> [What the exercise asks]: Go through the data and copy each line where the word "para" shows up.

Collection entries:
----

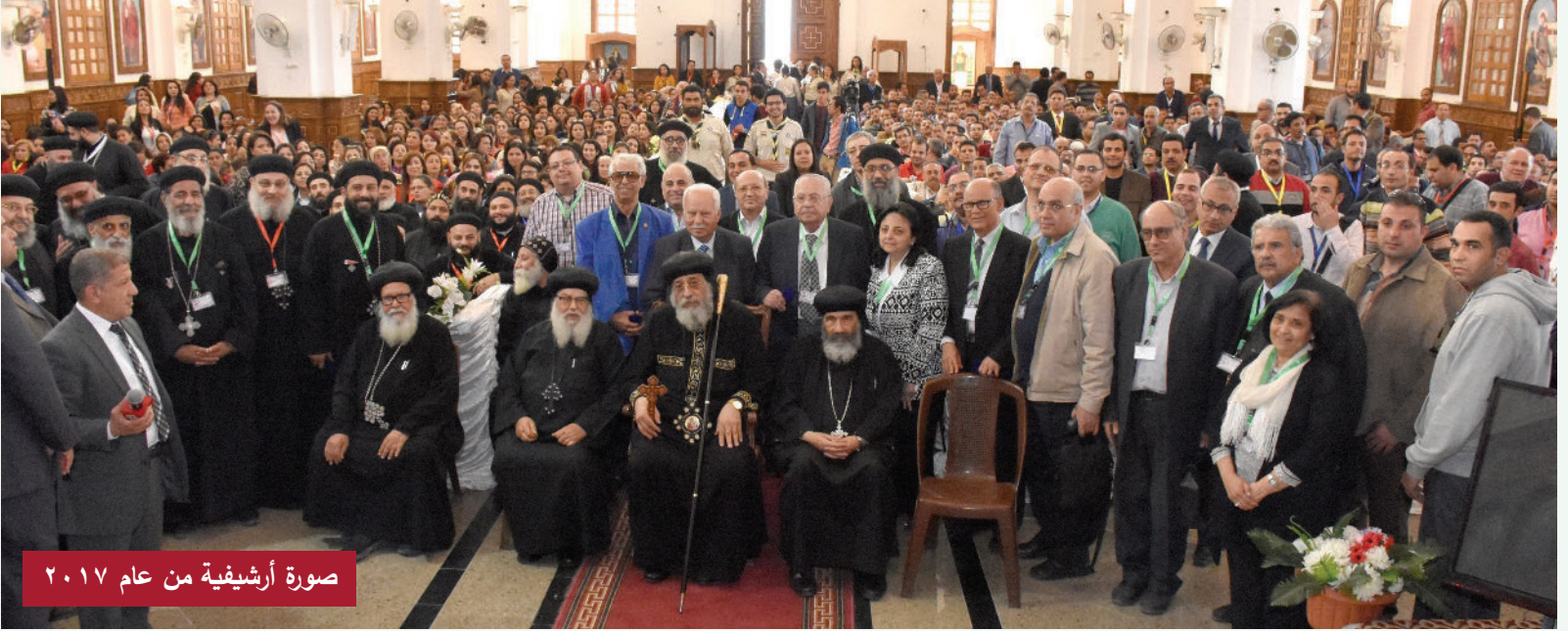
صورة أرشيفية من عام ٢٠١٧

ومجتمعية بشكل ما، فإن من يخدمونهم يحتاجون لتأهيلهم بما يتناسب مع هذا النوع من الخدمة.
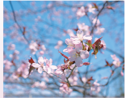
5月の桜 (北海道研究林)
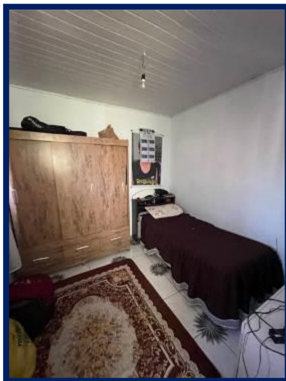
Superior – Casa 3: Dormitórios 1 e 2.
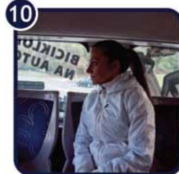
10. Prilikom izlaska iz autobusa najavite vozaču da ćete uzeti bicikl
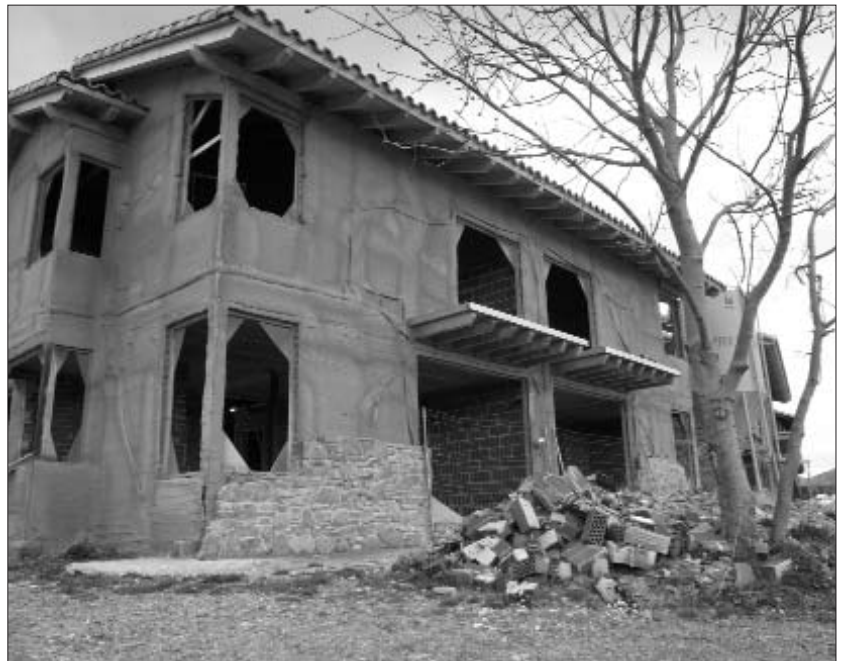
La crisi hipotecària afecta el sector de la construcció

Quan els tipus d'interès es comencen a incrementar pel canvi de cycle, provoquen impagament de les hipoteques més sensibles (les subprime). Els derivats tenen el doble efecte d'amplificar les pèrdues i de retransmetre-les a altres economies. Cal tenir en compte que el mercat de CDO aplegava
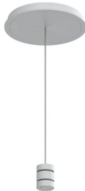
Feed suspension joint with rose for recessing. 24V 06.5302.40
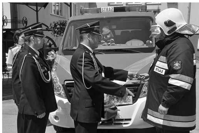
Wręczenie kluczyków do wozu bojowego
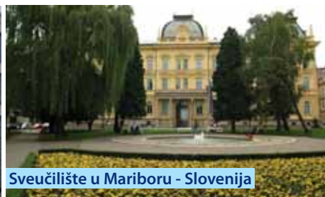
Sveučilište u Mariboru - Slovenija
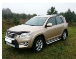
Toyota Rav 4, 2008 r. 6 300 € / 200 000 KM
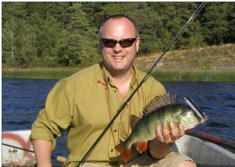
Spoken är sommarens favorit för stor fisk.

gen med att klia mig i huvudet på ett myggbett. Det är att jämföra med torrflugfiske efter storöring, när det är som bäst... Något som skiljer ytbetesfisket från andra fiskesätt är dess förmåga att verkligen locka fisken till hugg. Är fisket lite halvdant kan det vara värt att nöta en bra stund på en begränsad yta. Rätt som det är verkar abborren ”tröttna” på den skvalpande och högljudda Spoken och bestämmer sig för att bita... Ofta väger fisken över ett halvt kilo ska tilläggas. Det är värt att nämnas att förutom Spookarna så finns det en uppsjö av andra beten för ytfiske, poppers mfl. Självklart ska man prova sig fram till sin egen favorit som med allt annat fiske. Bara det är ju jättekul, att prova olika beten.
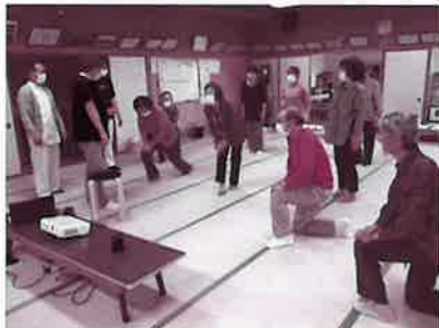
▲接骨師会さんによる転倒予防体操
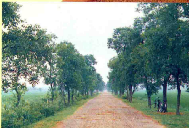
上高至八角亭县道
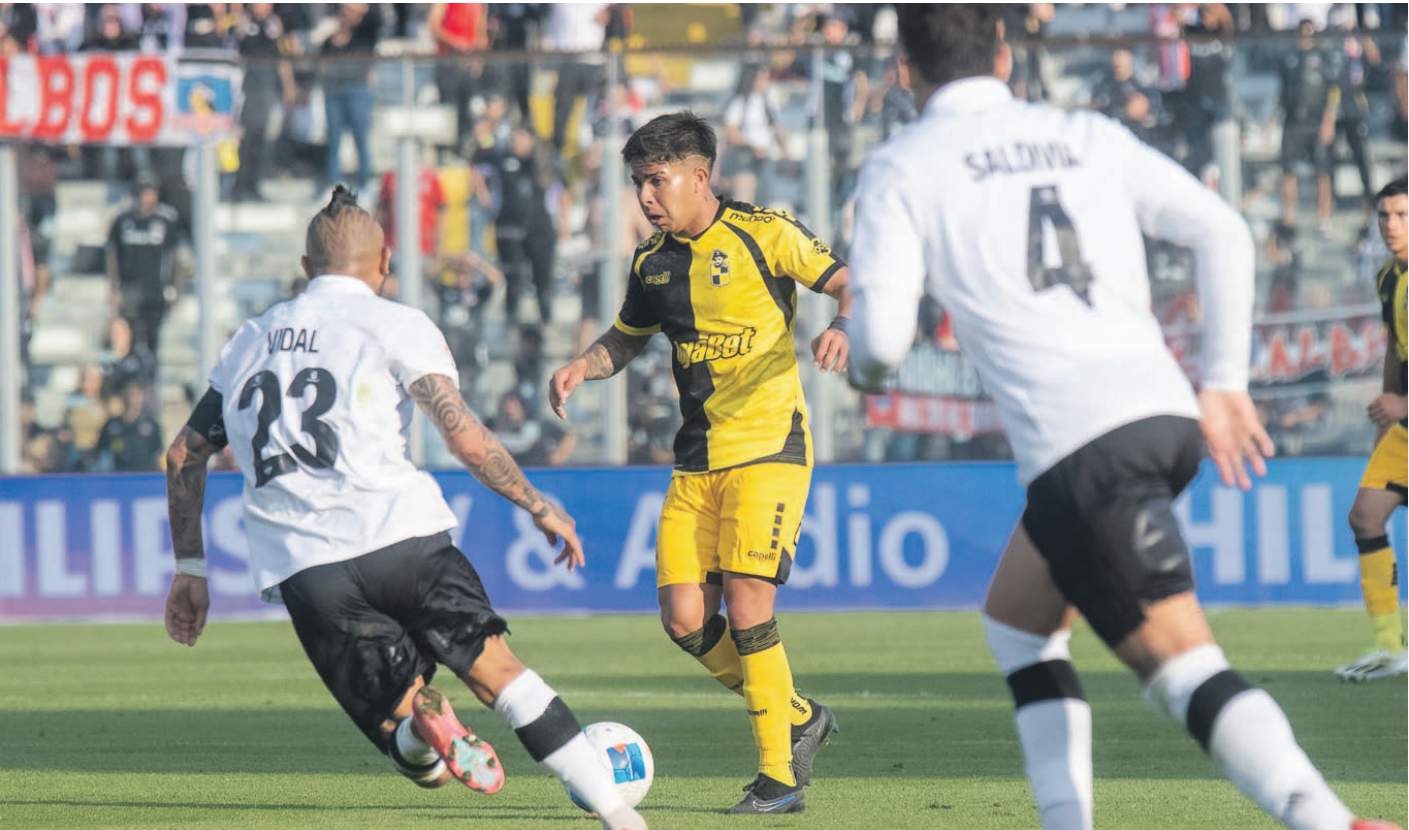
Aurinegros y albos se volverán a enfrentar en el estadio Francisco Sánchez Rumoroso, en un partido de alto vuelo válido por la fecha 24 de la Liga de Primera.
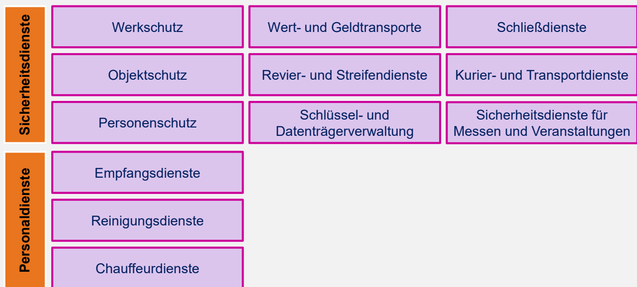
ABBILDUNG 1: DIENSTLEISTUNGEN VON SDM
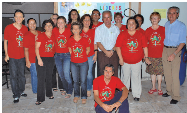
Festa para comemorar os 15 anos da Pastoral da Criança.

Agradecemos a Deus por tudo que Ele operou nesta caminhada. Parabéns e obrigada a todos os líderes, equipes que sempre se dedicaram com amor e responsabilidade e que continuam firmes e perseverantes com fé e coragem enfrentando desafios para esta missão bela e árdua na busca de mais vida para todos.
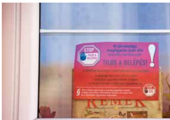
Hatósági házi karantén felirata | Két hét otthon

Végezzen rendszeres teszt-mozgást otthon, ami csökken-
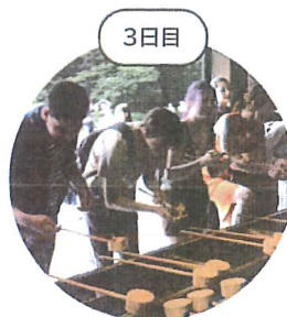
神社へお参り 旅の安全を祈願しました！
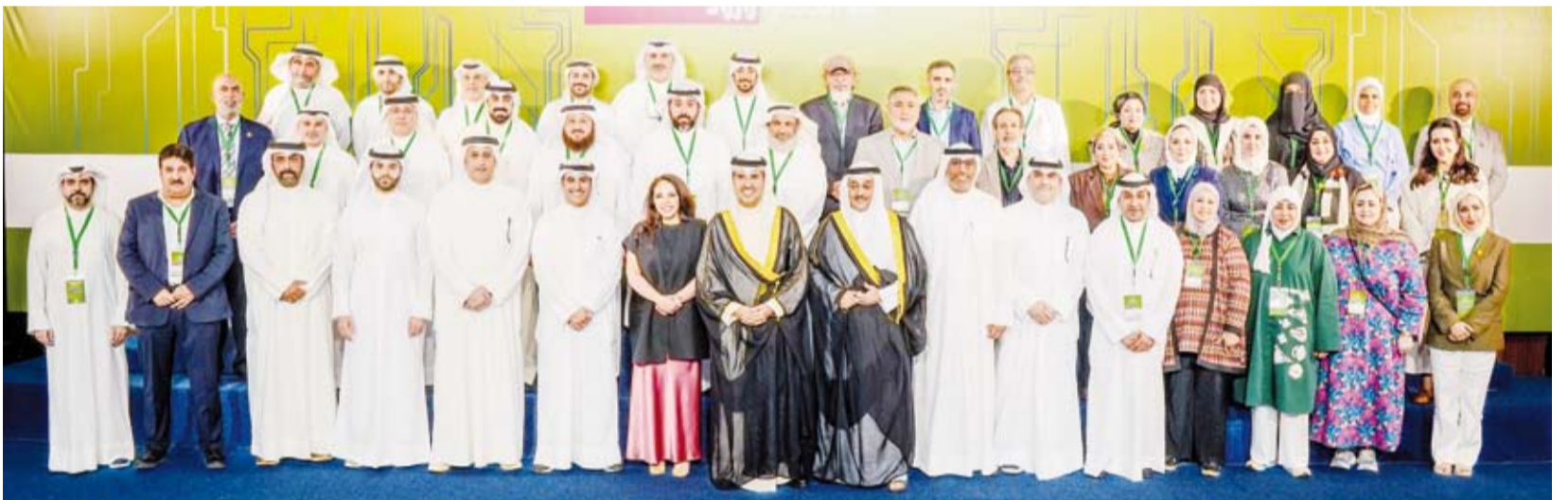
أعضاء هيئة محكمي مسابقة الكويت للعلوم والهندسة الـ12
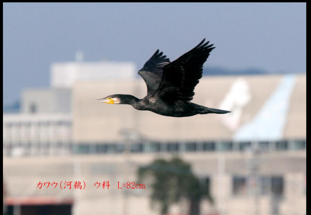
カワウ (河鵜) ウ科 L=82cm
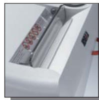
Volet de sécurité électronique
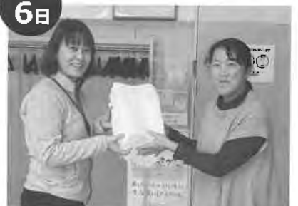
女性部 月形町社会福祉協議会へ雑巾寄贈
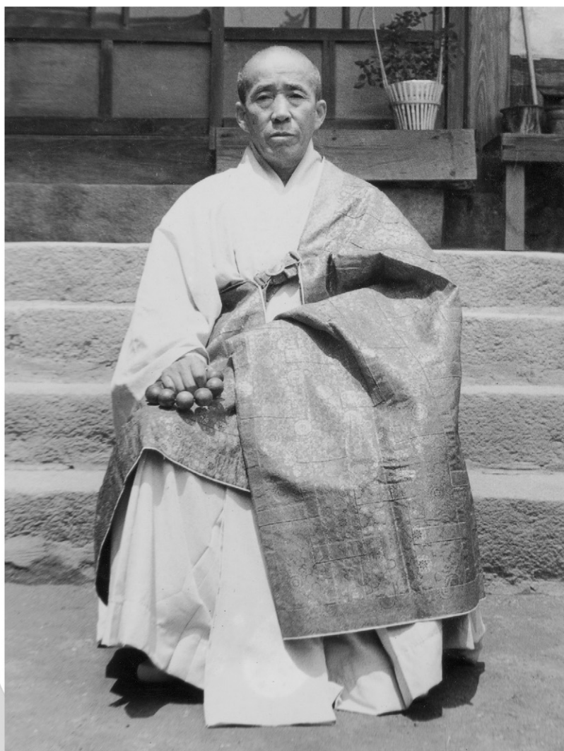
열반 전의 태허 조사

----

> [Solution to this exercise]:
Festa para comemorar os 15 anos da Pastoral da Criança.
Agradecemos a Deus por tudo que Ele operou nesta caminhada. Parabéns e obrigada a todos os líderes, equipes que sempre se dedicaram com amor e responsabilidade e que continuam firmes e perseverantes com fé e coragem enfrentando desafios para esta missão bela e árdua na busca de mais vida para todos.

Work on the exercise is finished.